Limestone wetsuits have an additional advantage in how they are made. The microscopic bubbles in them are filled with Nitrogen gas rather than normal air. This results in a better insulator so you will be kept warmer, the suit will be lighter and your flexibility is almost like you’re not wearing a wetsuit at all! All of these unique properties allow you to wear a wetsuit that is thinner than you normally could while still remaining nice and warm.

True Flexibility

Limestone neoprene has a maximum elongation of 480-530%, which is greater than that found in human skin. In fact, even at the greatest elongation point on the human body, the armpit, it is only 60-70%. This means you’ll be able to move freely while in this type of wetsuit and you won’t ever feel constricted.

Limestone VS. Petroleum – Environmentally Friendly Options

In today’s modern push for everything being more environmentally friendly or ‘green’ you simply can’t beat the benefits of using limestone over traditional neoprene. While it does seem clear at first glance that using a limestone based material is better than using a petroleum based material, it is important to take a step back and look at the entire process. In many cases things that are seemingly environmentally friendly, such as electric cars, are really much more questionable when you factor in all the harm done to the environment in the creation of their batteries.



So, let’s take a look at a few facts to help decide whether or not limestone is truly more ‘green’ than oil.

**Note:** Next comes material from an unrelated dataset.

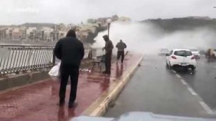 v St.. Paul Bay na Maltě prudká bouře s větry více než 130 km / ha způsobil takovou bobtnat, že ryby byly hodil na silnici a okolních vozů.
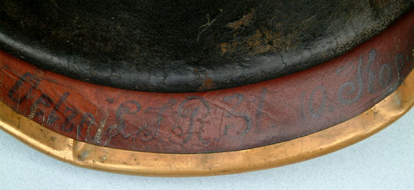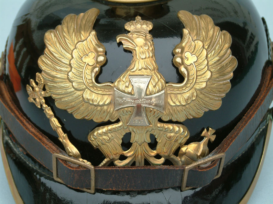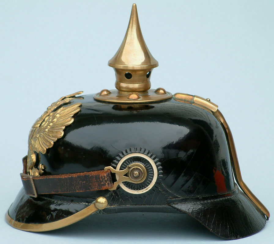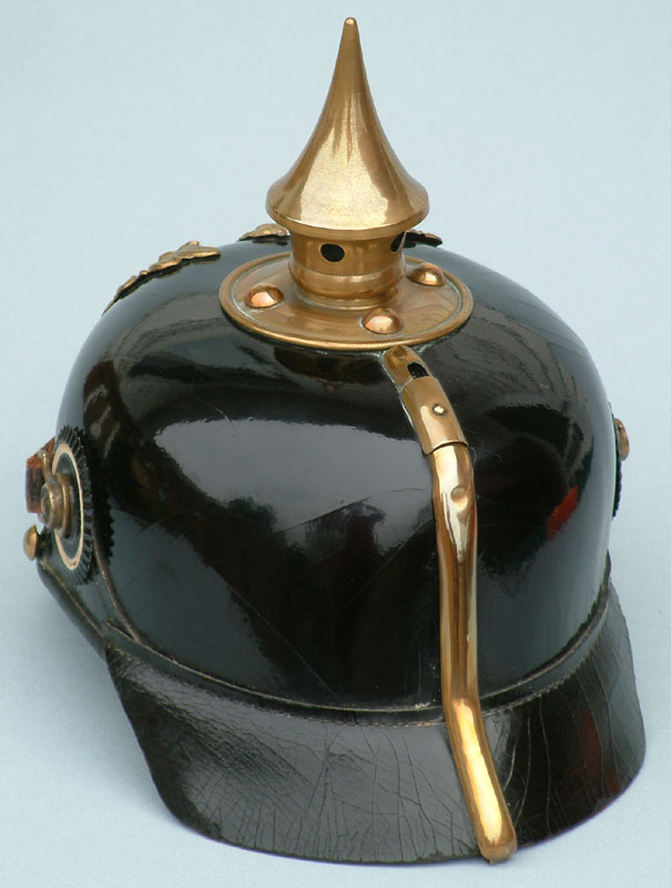 | A side view showing the classic squared shape of the M1895 pattern Pickelhaube. | ||

  • Limestone based neoprene is created from limestone which is found naturally throughout the world. There are enough limestone reserves to last an estimated 3,000 years based on current data. 
  • Neoprene is petroleum based, meaning it is made from oil. While the estimated amount of oil within the earth is constantly being debated, nobody believes there is 3,000 years worth. Reducing the dependency on this oil is a good idea.
  • Limestone must be mined from the Earth, transported to be crushed and then heated to over 3600 degrees. The heat required for limestone is about twice that which is required for petroleum.
  • Accidental spills can happen when transporting either limestone or oil, but everyone knows an oil spill can be disastrous. If limestone is spilled it is a simple process of just picking it up.
  • Chloroprene’s are produced during the manufacturing process of both neoprene and geoprene. The type and amount of these are the same for both products so there is no benefit to either one in this area.

With these facts in mind it is easy to see three main points which stand out as valid reasons why limestone based material is environmentally better than neoprene.

  • Lowers the amount of oil being used
  • You can get the same warmth out of a thinner suit which means fewer resources will be used in the creation of each suit.
  • The increased durability of the new material means that they will last longer and fewer of them will be made, also reducing the total amount of resources being used.

Improved Durability

There has been a lot written on the improved durability of limestone based neoprene including comments from Matuse commenting to the effect that, “geoprene has ‘spherical carbon black’ in addition to the ‘regular carbon black’. This disperses all the force loads including stretch, elongation, pressure and compression much more efficiently. It also has a ‘FE Polymer’ which prevents the self-curing and aging which often affects other foam rubber compounds”.

While that might sound like a lot of technical nonsense to most people, it basically it means that a wetsuit made from geoprene (which is Matuse trademark name for limestone based neoprene) will last significantly longer than one created from neoprene.